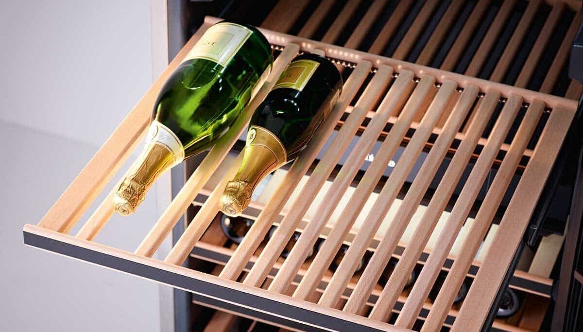 Mit dem Flaschenpräsenter „Selector“ von Miele setzen Sie Ihre Lieblingsflaschen elegant in Szene.
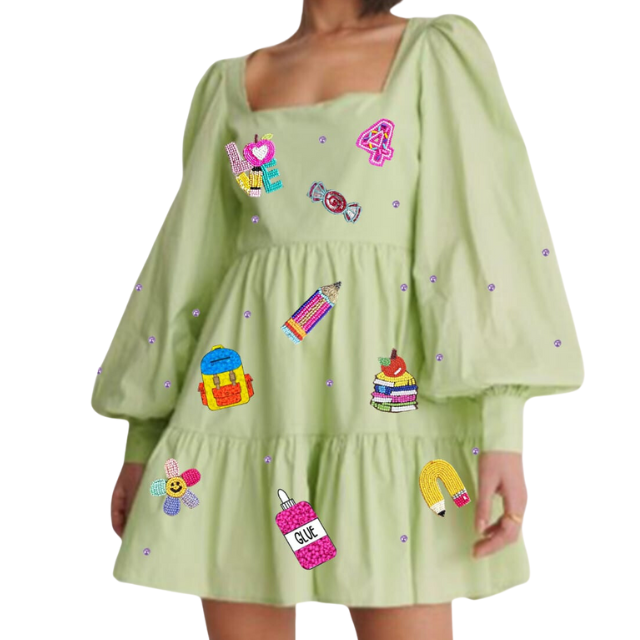 Products Name:Square neck Back-to-school Dress
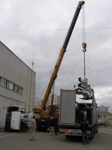 Процесс шел медленно и уверенно. Во все проушины были вставлены грузоподъемные скобы, за которые закреплялись крюки паука. Грузы были заранее распределены по кузову фуры в соответствии с собственным весом. Кран брал указанный груз и ставил в машину. Брал и ставил, брал и ставил… Наконец фура была заполнена до отказа и водитель начал крепить груз. Нас поблагодарили за работу и пожелали успехов. Заказчик оставил о себе наилучшее впечатление.
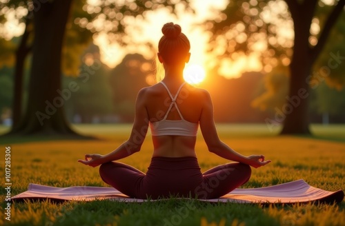 A woman practicing yoga in a serene park at sunset, surrounded by trees and lush grass
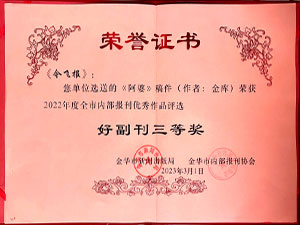 米兰游戏,米兰(中国)报-选送的《阿婆》稿件(作者:金库)荣获2022年度全市内部报刊优秀作品评选好副刊三等奖
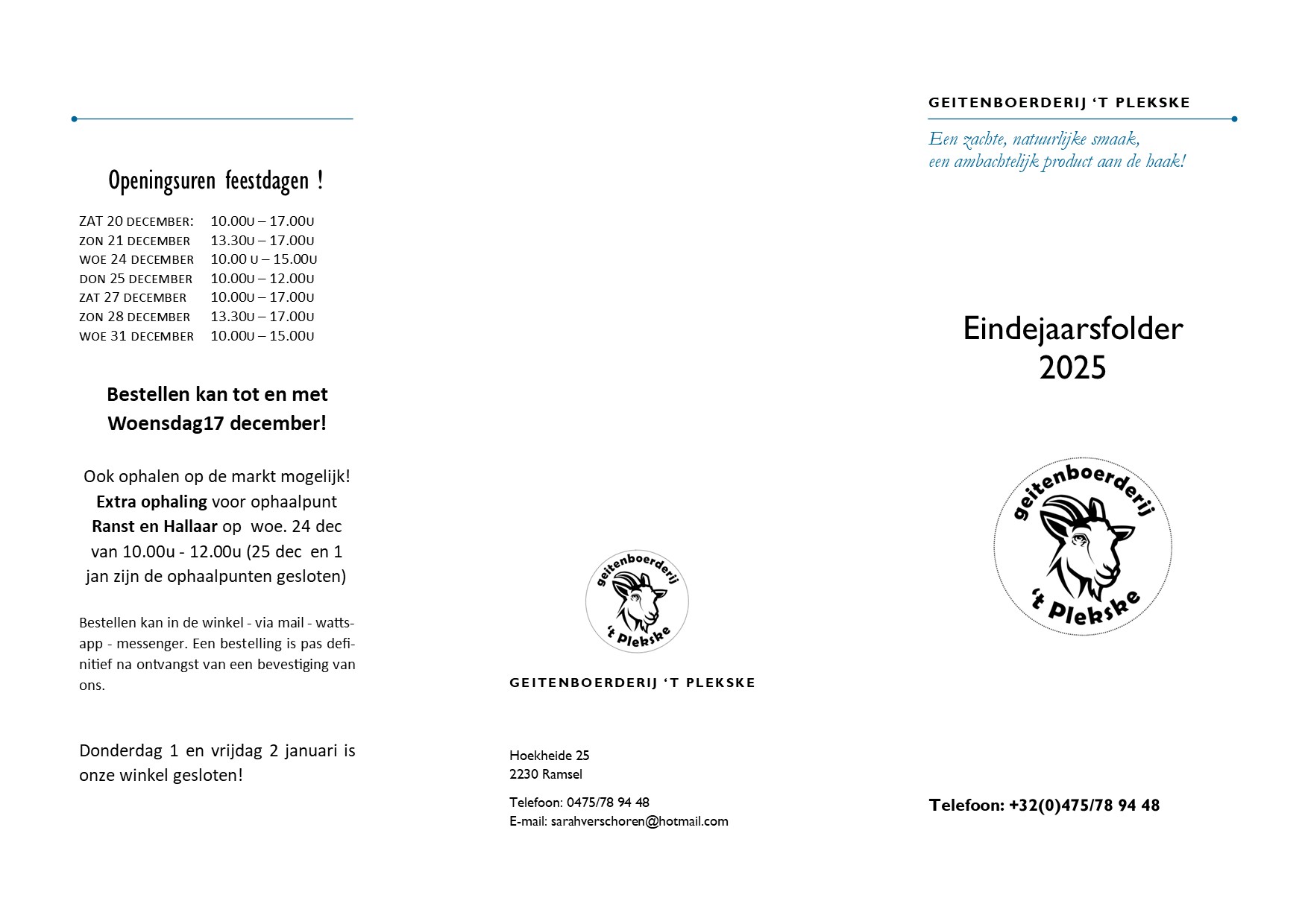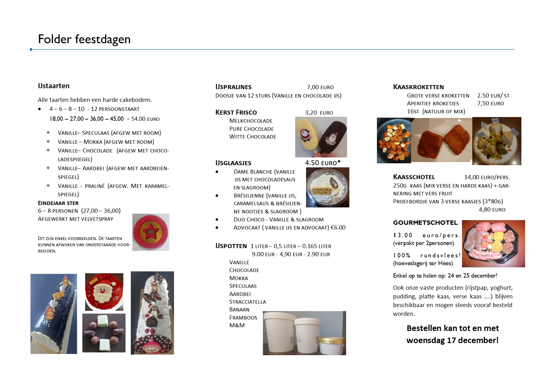Hieronder vindt u onze Folder voor de feestdagen. Bestellen kan tot en met woensdag 17 december via mail, sms, watts-app, messenger. De bestelling is pas definitief na ontvangst van bevestiging.
☆ ☆ ☆
**Assigned task:**
Each entry, word for word, belongs in your answer; each picture does not.

**Written response:**
 Mit dem Flaschenpräsenter „Selector“ von Miele setzen Sie Ihre Lieblingsflaschen elegant in Szene.
 Products Name:Square neck Back-to-school Dress
 Процесс шел медленно и уверенно. Во все проушины были вставлены грузоподъемные скобы, за которые закреплялись крюки паука. Грузы были заранее распределены по кузову фуры в соответствии с собственным весом. Кран брал указанный груз и ставил в машину. Брал и ставил, брал и ставил… Наконец фура была заполнена до отказа и водитель начал крепить груз. Нас поблагодарили за работу и пожелали успехов. Заказчик оставил о себе наилучшее впечатление.
 A woman practicing yoga in a serene park at sunset, surrounded by trees and lush grass
 米兰游戏,米兰(中国)报-选送的《阿婆》稿件(作者:金库)荣获2022年度全市内部报刊优秀作品评选好副刊三等奖
Hieronder vindt u onze Folder voor de feestdagen. Bestellen kan tot en met woensdag 17 december via mail, sms, watts-app, messenger. De bestelling is pas definitief na ontvangst van bevestiging.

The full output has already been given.